Mentions: We model a human population with continuous age structure in which individuals of a given age can be in one of the following states: susceptible or not infected (SH), latent infection (EH), infected with symptomatic disease (including severe and clinical cases) (DH), asymptomatic with detectable parasites (AH), and asymptomatic infection with undetectable (subpatent) parasite density (UH). The main distinction between states DH and AH is that individuals in state AH do not prompt treatment that leads to a change in infection state. The state UH is included to account for the fact that measured parasitemia often decays with age, while highly sensitive parasite detection techniques suggest parasitemia continues increasing with age nearing 100% in highly endemic areas [37]. In tandem, we consider a mosquito population whose individuals can be susceptible (SM), exposed (latent) (EM), or infectious (IM). Figure 6 shows the transitions between states in each population (without displaying ageing). Susceptible humans move to latent infection at rate Λ, the force of infection on the human population. Individuals remain in this state for a mean duration 1/h (the mean latent period). A proportion φ develop disease whilst the remainder (1−φ) move to the asymptomatic infection category. A proportion f of symptomatic cases (DH) receive effective drug treatment and recover at rate rT, while the remaining cases recover naturally without treatment at rate rD. If clinical treatment or natural recovery is fully successful at removing parasites (with probability φ), the host returns to the susceptible state and otherwise moves to the asymptomatic state. Asymptomatic infections become subpatent at rate rA, and these subpatent infections are cleared at rate rU with individuals returning to the susceptible state. Those in the asymptomatic state may additionally develop disease through superinfection at rate φΛ. Each human infection state, namely DH, AH, and UH, has a specific level of infectivity (transmission of mature gametocytes) to biting mosquitoes. The full equations for this model and further parameter definitions are given in Protocol S1.

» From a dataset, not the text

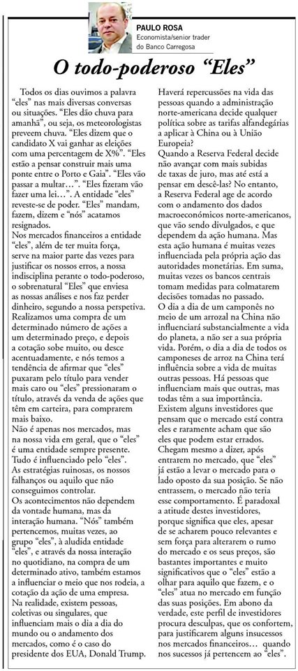 Deixo aqui um excelente artigo do Paulo Rosa no semanário "Vida Económica". Subscrevo na íntegra.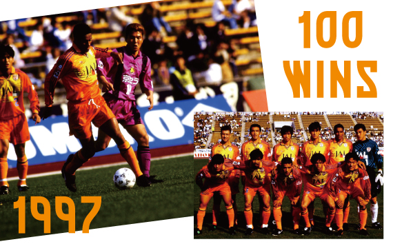 記念ロゴを基調に、達成日9月19日湘南ベルマーレ戦での歓喜シーンをデザインします。

Determination of the processes driving the acquisition of immunity to malaria using a mathematical transmission model.

Filipe JA, Riley EM, Drakeley CJ, Sutherland CJ, Ghani AC - PLoS Comput. Biol. (2007)

Schematic Illustration of the Full Transmission Model for Humans and Mosquitoes (without Explicit Ageing in Humans)States are shown in circles, and subscripts denote the population (H = humans, M = mosquitoes): susceptible SH/SM, latent infection EH/EM, infected with symptomatic disease (severe and clinical cases) DH, asymptomatic patent infection AH, infected with undetectable (subpatent) parasite density UH, infectious mosquitoes IM. ΛH /ΛM is the force of infection on the human and mosquito populations, respectively, 1/h is the mean latent period in humans, 1/g the mean latent period in mosquitoes, φ is the proportion of human infections that develop disease, f the proportion of symptomatic cases that receive effective drug treatment, rT the rate of recovery on treatment, rD the rate of recovery without treatment, rA the rate at which asymptomatic infections become subpatent, and rU the rate at which subpatent infections are cleared. The coloured circles denote the stages at which acquired immunity can have an effect (modifying φ, rA, and rU). The parameters and their values are described in Table 1.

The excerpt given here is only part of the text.